Required action – The reply should contain every line of the data, repeated exactly, and no pictures.

Recorded data –
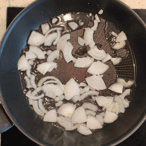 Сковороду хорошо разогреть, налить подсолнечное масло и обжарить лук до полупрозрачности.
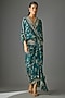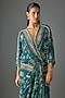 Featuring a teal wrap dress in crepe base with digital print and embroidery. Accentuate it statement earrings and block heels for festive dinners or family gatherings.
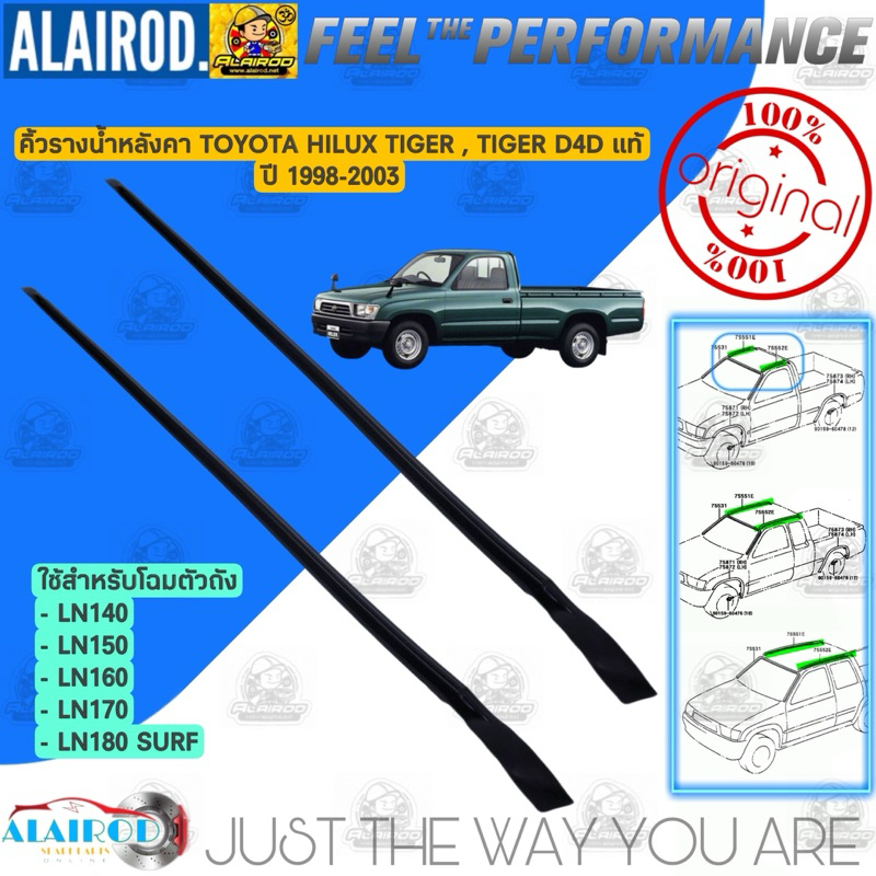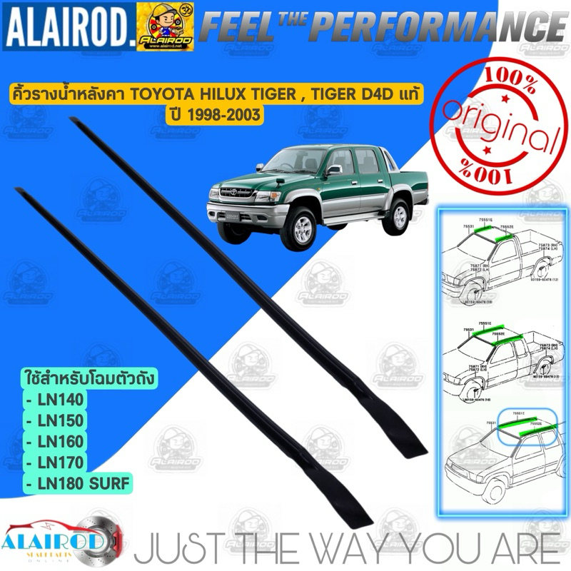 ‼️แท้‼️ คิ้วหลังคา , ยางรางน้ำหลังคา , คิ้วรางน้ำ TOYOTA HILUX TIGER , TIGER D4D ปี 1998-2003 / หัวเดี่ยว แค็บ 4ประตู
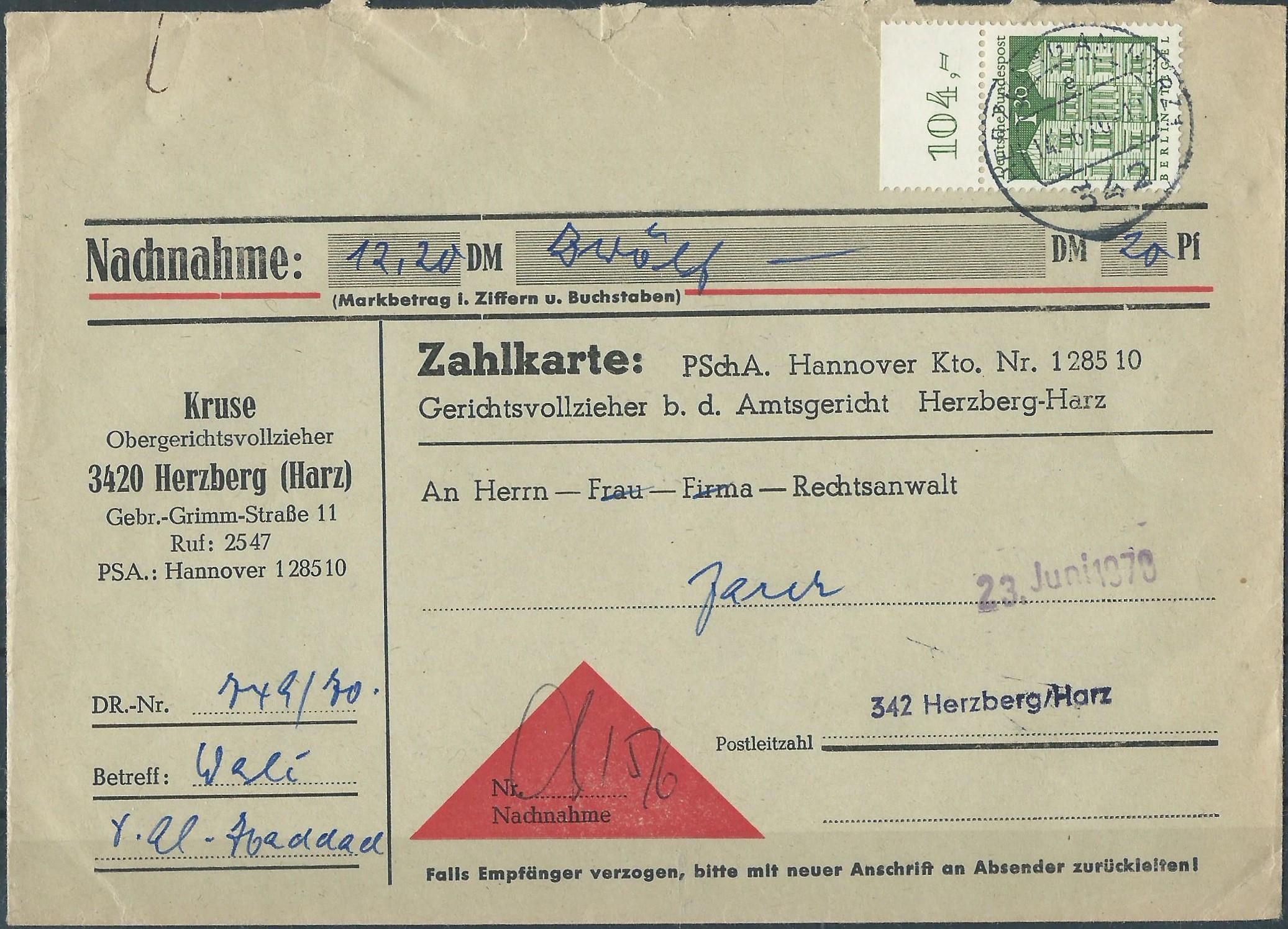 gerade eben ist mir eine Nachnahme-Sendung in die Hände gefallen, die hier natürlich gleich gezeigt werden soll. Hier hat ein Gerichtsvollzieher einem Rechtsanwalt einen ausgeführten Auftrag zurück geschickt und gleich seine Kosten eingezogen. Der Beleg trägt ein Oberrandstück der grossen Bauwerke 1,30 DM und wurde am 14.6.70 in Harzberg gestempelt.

Answer section –
 Сковороду хорошо разогреть, налить подсолнечное масло и обжарить лук до полупрозрачности.
 Featuring a teal wrap dress in crepe base with digital print and embroidery. Accentuate it statement earrings and block heels for festive dinners or family gatherings.
 ‼️แท้‼️ คิ้วหลังคา , ยางรางน้ำหลังคา , คิ้วรางน้ำ TOYOTA HILUX TIGER , TIGER D4D ปี 1998-2003 / หัวเดี่ยว แค็บ 4ประตู
 gerade eben ist mir eine Nachnahme-Sendung in die Hände gefallen, die hier natürlich gleich gezeigt werden soll. Hier hat ein Gerichtsvollzieher einem Rechtsanwalt einen ausgeführten Auftrag zurück geschickt und gleich seine Kosten eingezogen. Der Beleg trägt ein Oberrandstück der grossen Bauwerke 1,30 DM und wurde am 14.6.70 in Harzberg gestempelt.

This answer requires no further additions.